Being pregnant doesn’t mean you have to stop enjoying regular exercise. In fact, pregnancy exercise has now become far more popular and it has plenty of benefits. By staying fit during your pregnancy you help improve your energy levels and mood, prevent backache, improve your core and lumbo-pelvic strength, help prepare you for labour and make it easier to get back into shape once the baby is born.
BUT there are some things you must be careful of as your body goes through such big changes. Here are some top tips:
1. Get the green light from your doctor
Make sure you check with your doctor before exercising during pregnancy. If you are experiencing any complications you may need to avoid exercise so if in doubt, ask the doc.
This is essential before any exercise as it prepares your muscles to prevent injury and decreases post workout aches and pains.
3. Be consistent.
Shorter, more regular workouts are better than longer sessions that are less frequent.
4. Keep an eye on your body temperature.
In the first trimester especially, it’s very important not to over-heat. So make sure you drink plenty of water before, during and after exercise, and avoid over-exerting yourself. Most of our clubs have air conditioning so make the most of it and position yourself in a nice cool spot. Wear loose fitting clothing that doesn’t soak up sweat, and wear layers that you can remove easily as you get warmer.
5. Stay hydrated.
Drink water before, during and after exercise. Sipping slowly but regularly will help to avoid heartburn.
6. Make sure you’ve eaten enough.
Avoid low blood sugar and fainting by making sure you’ve eaten enough before you begin. Carry a snack in your gym bag in just in case – this needs to have some protein – cashew or brazil nuts with a banana or apple is always a good option.
7. Get support.
Wear trainers that give you good support and cushioning and be sure to wear a sports bra. Sweaty Betty have some good bras and a range of supports.
8. Find a specific Antenatal Exercise Class with antenatal qualified instructors
Tell your class instructor about your pregnancy before you start and they will be able to offer you advice or lower impact options.
9. What to do if you have gestational diabetes.
If you have gestational diabetes you need to take particular precautions with exercise: monitor blood glucose levels, regulate meal times, incorporate rest periods and monitor baby movements and uterine contractions.
10. Tune into your body.
If you start to feel unusual – headaches, dizziness, shortness of breath – stop the exercise. And if you can’t hold a conversation while you’re exercising, you’re working too hard.

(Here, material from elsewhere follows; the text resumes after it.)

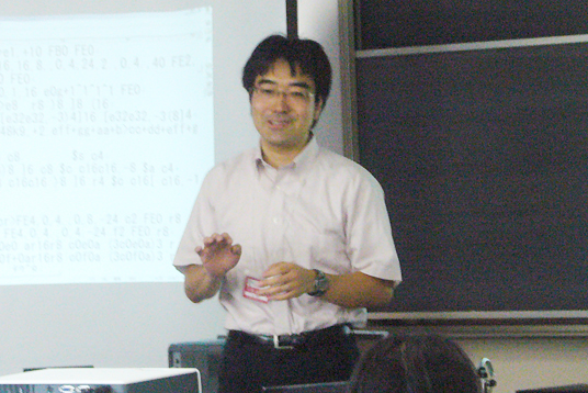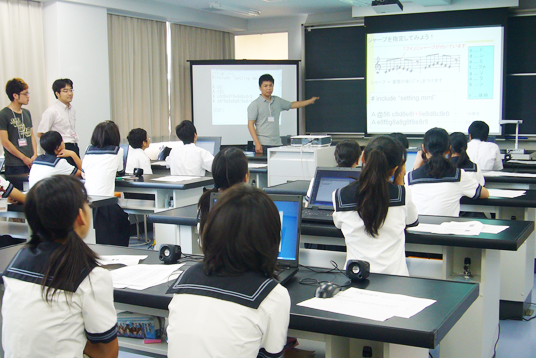本日は、准教授門田暁人先生とアカデミックボランティアメンバーの学生さんたちによる、「音楽をプログラミングしよう」の講座が地学実験室で行われました。

11. It’s all about maintaining rather than improving fitness.
Your goal should be trying to keep fit and healthy while pregnant. One good way to monitor your intensity is to score it from 1-10 – one being lying on the sofa, 10 being maximum exertion – and then make sure you stay between 6-7.
12. Be aware of the warning signs.
The Royal College of Obstetricians and Gynacologist (RCOG) (Link to: http://www.rcog.org.uk/womens-health/clinical-guidance/exercise-pregnancy) advises you to stop exercising and seek medical advice if you experience any of the following:
• Excessive shortness of breath
• Chest pain or palpitations
• Painful uterine contractions or preterm labour
• Leakage of amniotic fluid
• Vaginal Bleeding
• Excessive Fatigue
• Abdominal pain, particularly in back of pubic area.
• Pelvic girdle pain
• Reduced foetal movement
• Dyspnoea before exertion
• Mucle Weakness
• Calf pain or swelling
And, of course, make sure it’s fun. If it’s not fun, you won’t stay motivated to be consistent.
Royal College of Obstetricians and Gynacologists guidelines on exercise during pregnancy (LINK TO: http://www.rcog.org.uk/womens-health/clinical-guidance/recreational-exercise-and-pregnancy)
This content aims to give general fitness advice and tips to expectant mothers experiencing a normal pregnancy. This should not be treated as a substitute for or supersede any medical advice you have been given.